He has been editor in chief for Journal of Quantitative Analysis in Sports and also Associate editor for Metron journal, Communications in Statistics (both Theory and Methods and Computation and Simulation), IMA Journal of Management Mathematics and Stochastic Environmental Research and Risk Assessment and Risks. He has supervised 6 finished PhD student, 95  Master thesis, while at this moment he supervises three more PhD student. He has been invited in several conferences around the world. He is member of the American Statistical Society, elected member of the International Statistical Institute, member of the International Association of Statistical Computing and  member of the International Biometric Society.  He has been president of the  Eastern Mediterranean Region of the International Biometrics Society. He has also participated in several national and European projects related to statistics  and its applications including official statistics, financial modelling, real estate, sports and many others.
He is deputy head of the Dept of Statistics, AUEB, deputy head of the Research Center of AUEB, Director of the MSc in Statistics at the same department, while he is also Director if the laboratory on Computational and Bayesian Statistics. He has been member of several academic committees in Greece and Europe. In 2019 he received the  “12th Ferran Armengol i Tubau”  Prize by the Catalan Economics Society of the Institute for Catalan Studies for contributions to Actuarial Science. 

Regina Liu is Distinguished Professor at Rutgers, the State University of New Jersey, USA. She received her PhD in Statistics from Columbia University. Her research areas include data depth, resampling, nonparametric statistics, confidence distribution, and fusion learning. Aside from theoretical and methodological research, she has long collaborated with the FAA on aviation safety research projects on statistical process control, text mining and risk management. She has served as Editor for the Journal of the American Statistical Association and the Journal of Multivariate Analysis, and as Associate Editor for several journals, including the Annals of Statistics. She is an elected fellow of the Institute of Mathematical Statistics and the American Statistical Association, and an elected member of the International Statistical Institute. Among other distinctions, she is also the recipient of 2021 Noether Distinguished Scholar Award (from American Statistical Association), 2024 Elizabeth Scott Award (from Committee of Presidents of Statistical Societies (COPSS)) and the 2025 IMS Neyman Award and Lecture, and has delivered an IMS Medallion Lecture. She was elected President of the Institute of Mathematical Statistics (IMS), 2020-2021.
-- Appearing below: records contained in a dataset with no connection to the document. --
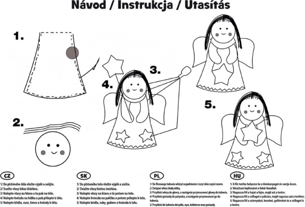 Creatieve set - engeltje - Kinderen oefenen hun vingertjes en ontwikkelen hun creatief denken. Eén verpakking bevat drie engeltjes. Elk stuk wordt origineel en uniek. Je kunt er gewoon je huis mee versieren, of kinderen kunnen ermee spelen.INHOUD VAN DE VERPAKKING:- 3 x vilt in de vorm van engeltjes- lint- vilten vulling- draad- handleiding INSTRUCTIES:1. Plaats de vulling in het vilten lichaam en naai het dicht.2. Bind het haar samen met het witte koordje.3. Lijm het haar op het hoofd en lijm dit vervolgens op het lichaam.4. Lijm de ster op het stokje en bevestig dit daarna aan het lichaam.5. Lijm de vleugels, armen, kragen en sterren op het lichaam.WAARSCHUWING:Gebruik onder toezicht van een volwassene, verwijder de verpakking buiten het bereik van kinderen, niet geschikt voor kinderen jonger dan 7 jaar, bevat kleine onderdelen, verstikkingsgevaar door inslikken.Geleverd in een kartonnen doos met ophanghaak. De vermelde prijs is voor 1 verpakking.
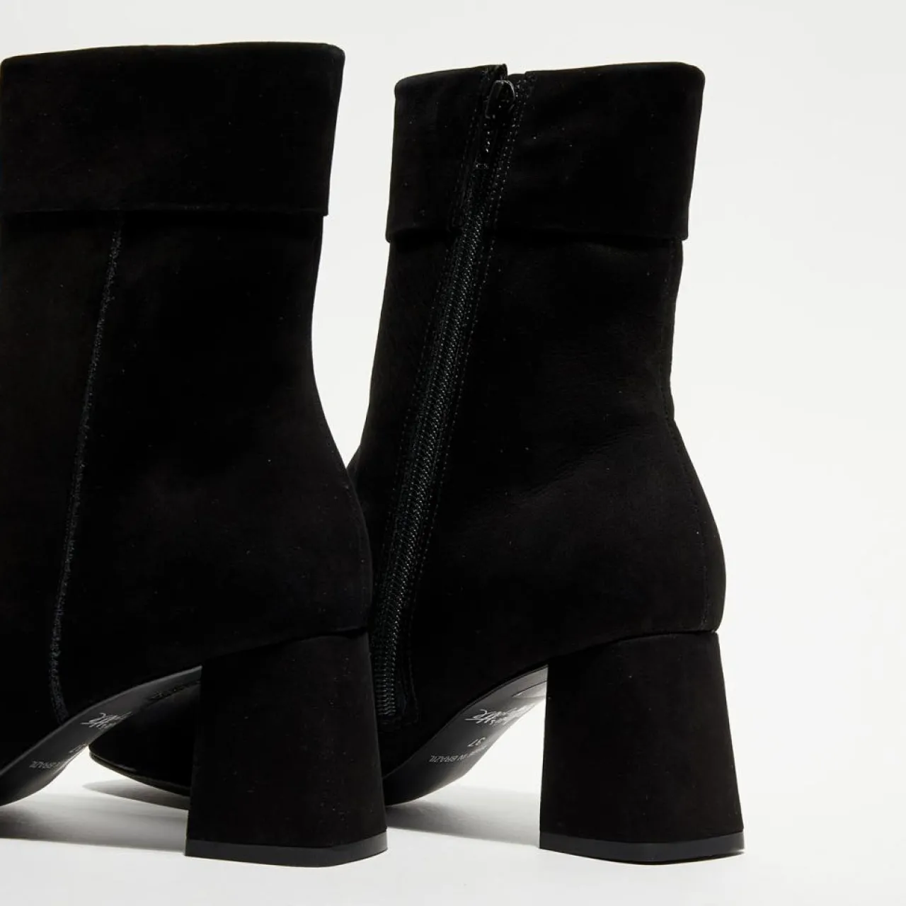 Elles présentent un bout arrondi, une fermeture zippée, un détail boucle sur le côté, un tirant d’enfilage sur l’arrière et un talon large.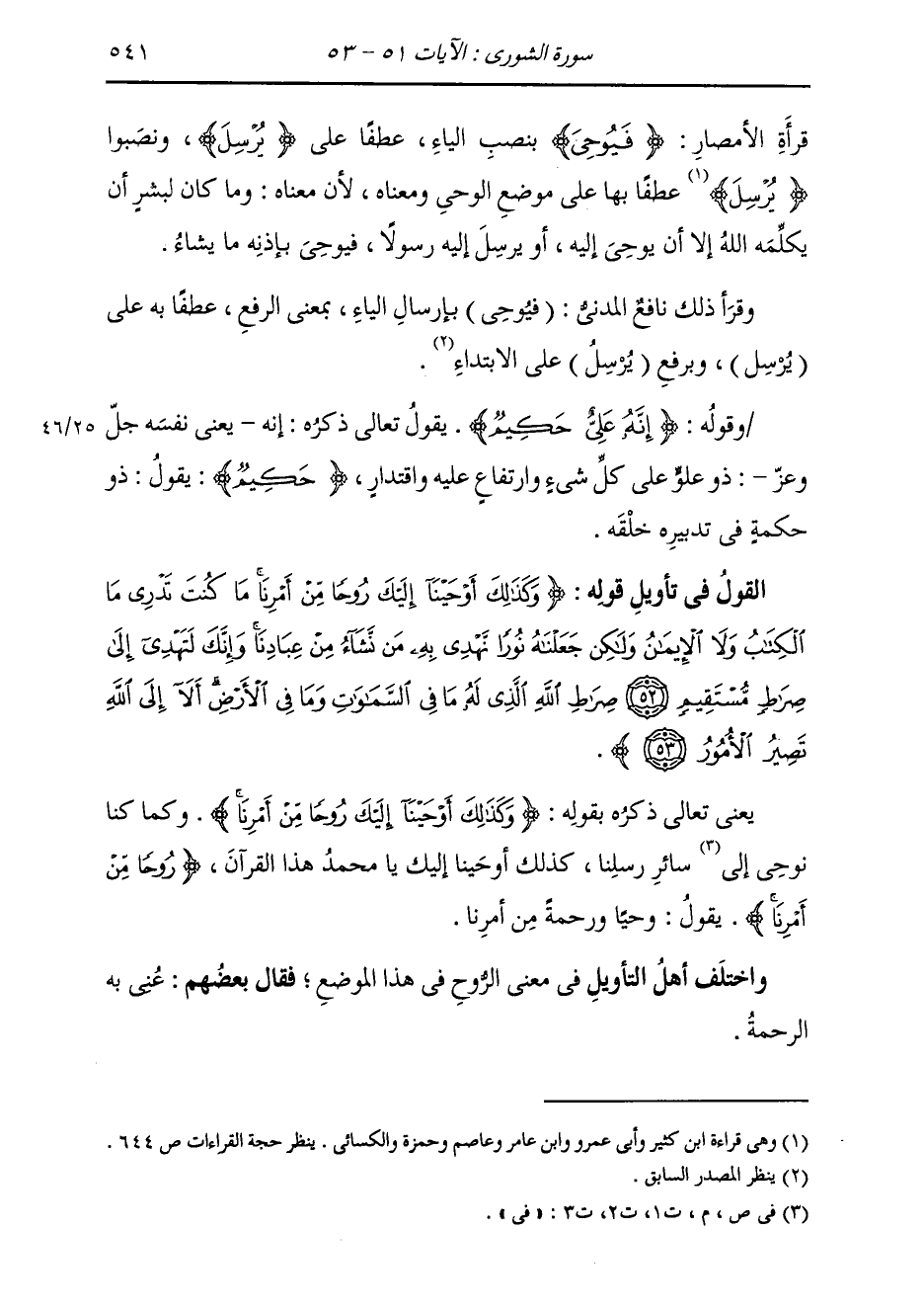 قُرَّاءِ الْأَمْصَارِ {فَيُوحِيَ} [الشورى: 51] بِنَصْبِ الْيَاءِ عَطْفًا عَلَى {يُرْسِلَ} [الشورى: 51] ، وَنَصَبُوا {يُرْسِلَ} [الشورى: 51] عَطْفًا بِهَا عَلَى مَوْضِعِ الْوَحْيِ وَمَعْنَاهُ، لِأَنَّ مَعْنَاهُ وَمَا كَانَ لِبَشَرٍ أَنْ يُكَلِّمَهُ اللَّهُ إِلَّا أَنْ يُوحِيَ إِلَيْهِ أَوْ يُرْسِلَ إِلَيْهِ رَسُولًا فَيُوحِيَ بِإِذْنِهِ مَا يَشَاءُ وَقَرَأَ ذَلِكَ نَافِعٌ الْمَدَنِيُّ (فَيُوحِي) بِإِرْسَالِ الْيَاءِ بِمَعْنَى الرَّفْعِ عَطْفًا بِهِ عَلَى (يُرْسِلُ) ، وَبِرَفْعِ (يُرْسِلُ) عَلَى الِابْتِدَاءِ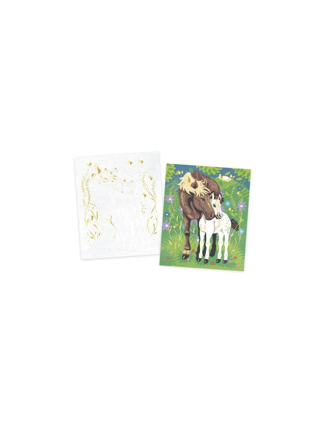 Découvrez le coffret peinture au numéro aquarelle Chevaux de la collection Les Ateliers du Calme de Janod, une activité créative pour les enfants dès 7 ans, permettant de réaliser deux tableaux colorés représentant des chevaux.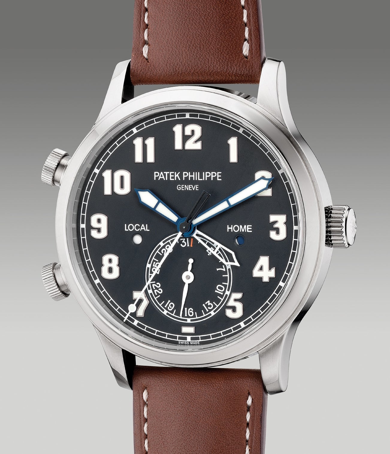 A fine and attractive white gold dual-time pilot’s wristwatch with date, day and night indication, Certificate of Origin and presentation box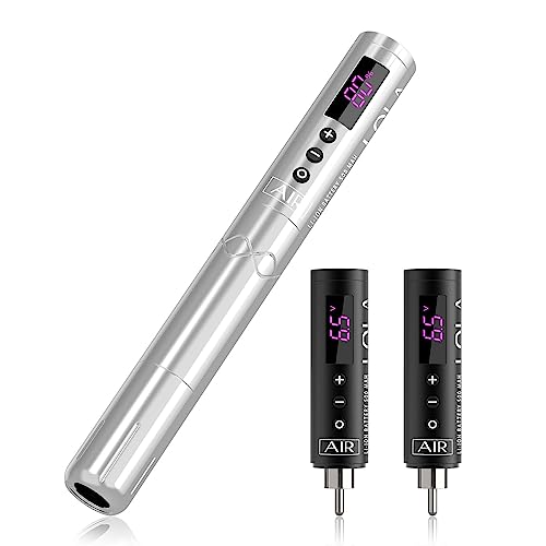 EZ Trådlös Tatuerings Maskin - Permanent Makeup Tatuerings Maskin med 3st Batterier Roterande Tatuerings Pistol för Nybörjare och Kvinnliga Tatuerare (LOLA AIR Silver)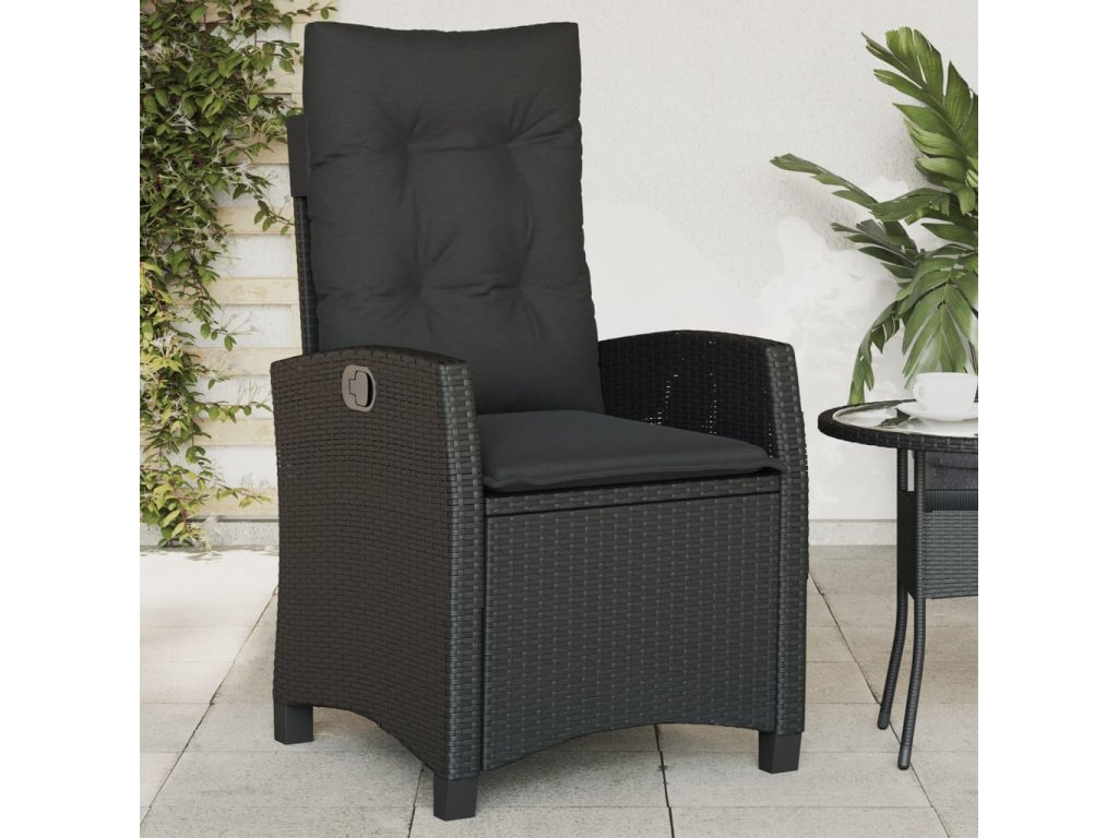Multidom Sklápacia záhradná stolička s vankúšmi čierna polyratan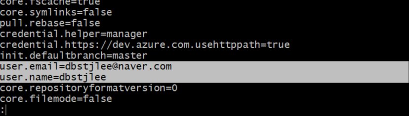 git config --list 입력 시 이메일 주소와 닉네임이 입력되어 있다.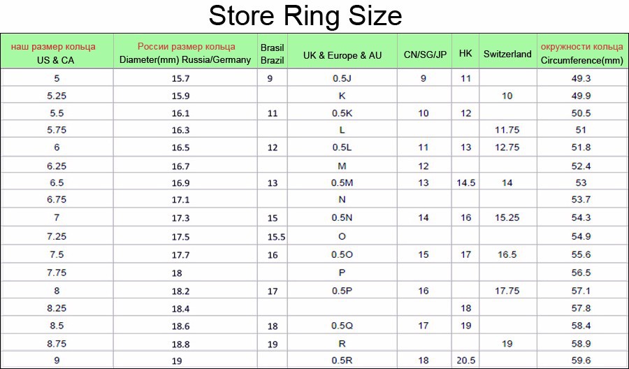 Уже знаете ваш размер кольца, но ваш ювелир работает с другой шкалой размеров? Воспользуйтесь таблицой снизу, чтобы найти ваш размер кольца в нужной шкале размеров.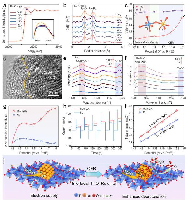 研究团队通过一系列原位测试揭示了Ru/Ti4O7的OER过程的结构演变与反应机理。即使在OER的高电势下,Ru纳米颗粒在表面形成非晶氧化物层,但内部仍然可维持金属结构。Ru/Ti4O7倾向于通过吸附演化机制驱动OER,与具有潜在催化剂溶解作用的LOM相比,可以实现更稳定的OER。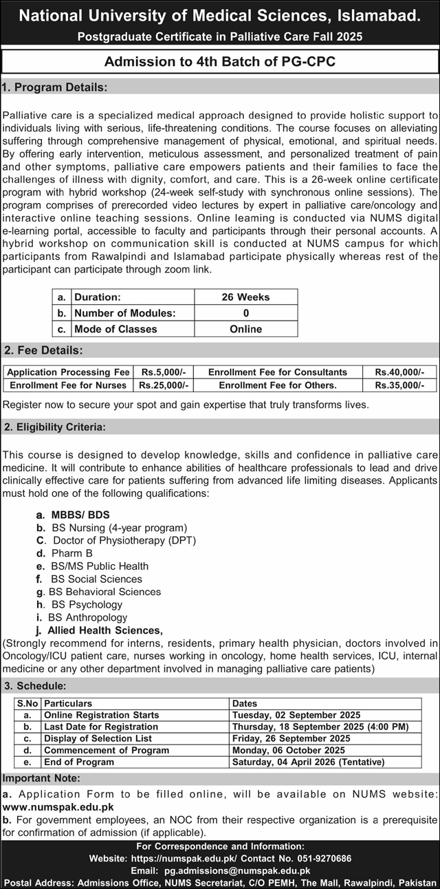Admission open in National University of Medical Sciences Rawalpindi | IndoPakWork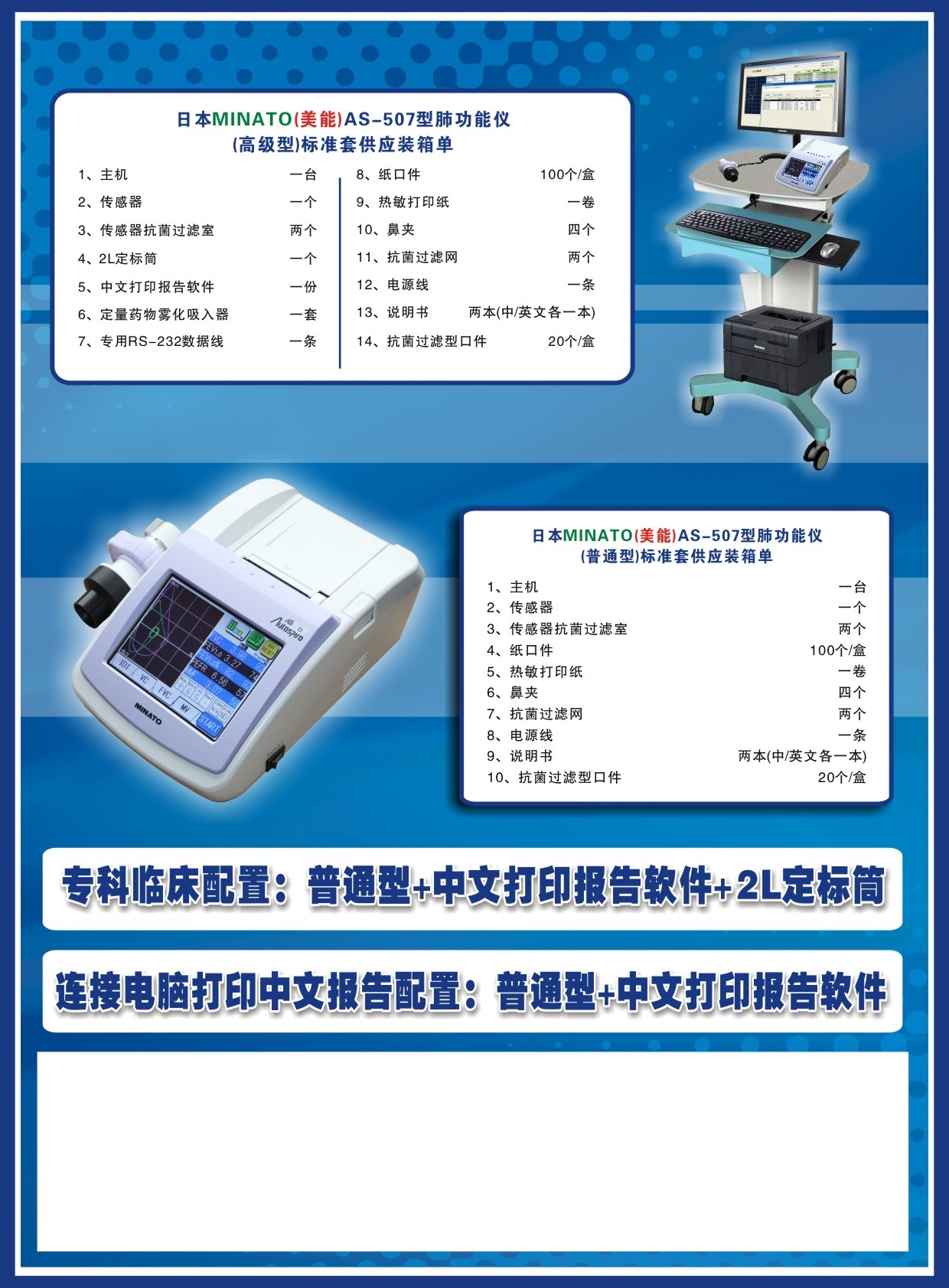 日本原产美能AS-507肺功能仪检测项目/技术参数

Giovanni Camillo Porzio is full Professor of Statistics at the University of Cassino and Southern Lazio, he holds a Master in Statistics from the University of Minnesota, and a Ph.D. in Computational Statistics and Data Analysis from the University of Naples Federico II. He has worked in many areas of applied statistics research, and made important contributions to the statistical analysis of directional data, in particular from a non-parametric and data depth perspective. By introducing a circular boxplot, his work has contributed to progress in circular data visualization techniques. His recent research has focused on supervised and unsupervised learning methods. He is particularly interested in developing strategies that are robust to the presence of data anomalies.
He is the President Elect of CLADAG (Classification and Data Analysis Group), one of the main Sections of the Italian Statistical Society.

 

Peter Rousseeuw is known mainly for his work on robust statistics. Among his creations are least trimmed squares regression, the minimum covariance determinant estimator, the k-medoids clustering method, and the silhouettes graphical display. Peter obtained his PhD in 1981 following research carried out at the ETH in Zürich, Switzerland, which led to a book on influence functions. Later, he was a professor at Delft University of Technology, The Netherlands, and at the University of Antwerp, Belgium. Next, he was a researcher at Renaissance Technologies in New York for over a decade. He then returned to Belgium as a professor at KU Leuven, until becoming emeritus in 2022. He is an elected member of ISI and a fellow of IMS and ASA. In the course of his career, Peter published three books and over 200 papers on theory, algorithms and applications, together receiving over 115,000 citations. He was awarded the George Box Medal for Business and Industrial Statistics, the Research Medal of the International Federation of Classification Societies, the Frank Wilcoxon Prize, and twice the Jack Youden Prize. Recently, Peter received the 2024 ASA Noether Distinguished Scholar Award for nonparametric statistics. His former PhD students include Annick Leroy, Rik Lopuhaa, Geert Molenberghs, Christophe Croux, Mia Hubert, Stefan Van Aelst, Tim Verdonck and Jakob Raymaekers. Peter’s recent work is mainly on robustness to cellwise outliers.